%%

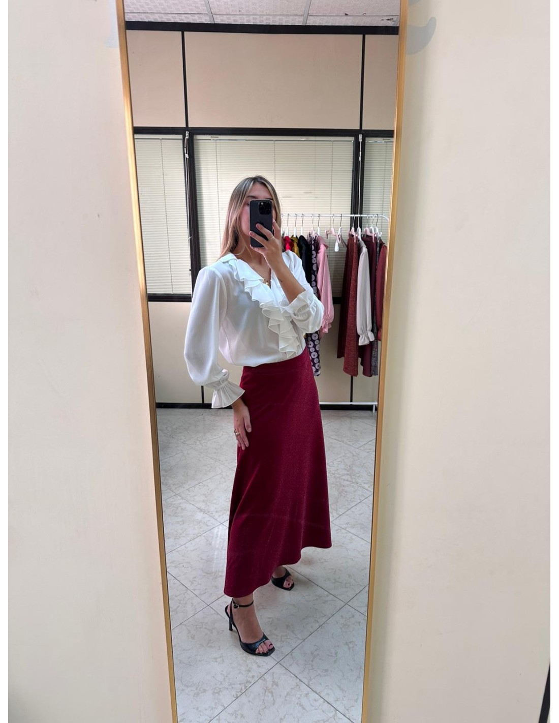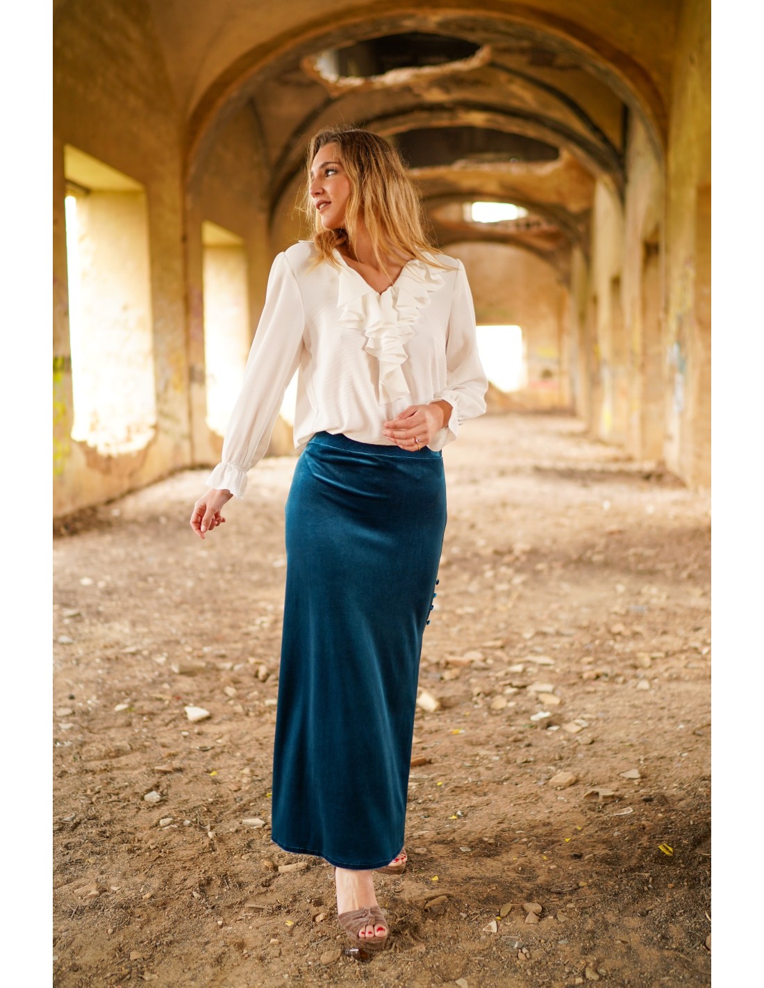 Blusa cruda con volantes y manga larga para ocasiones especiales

%%
%%

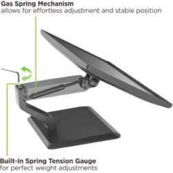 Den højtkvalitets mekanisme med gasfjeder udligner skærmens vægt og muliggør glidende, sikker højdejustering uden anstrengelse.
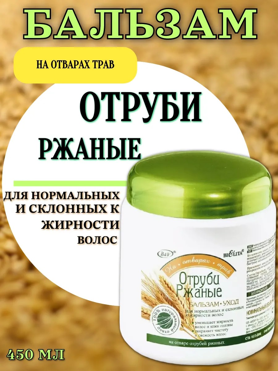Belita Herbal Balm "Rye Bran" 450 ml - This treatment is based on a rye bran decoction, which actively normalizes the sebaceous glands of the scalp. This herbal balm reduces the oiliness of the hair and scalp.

%%

▶ **Aim of the task**: Nothing but the lines above, starting at the line that contains "Den højtkvalitets mekanisme" and ending at the line that contains "Belita Herbal Balm", should be given again, exactly and without the pictures.

▶ **Problem solution**:
 Den højtkvalitets mekanisme med gasfjeder udligner skærmens vægt og muliggør glidende, sikker højdejustering uden anstrengelse.
Belita Herbal Balm "Rye Bran" 450 ml - This treatment is based on a rye bran decoction, which actively normalizes the sebaceous glands of the scalp. This herbal balm reduces the oiliness of the hair and scalp.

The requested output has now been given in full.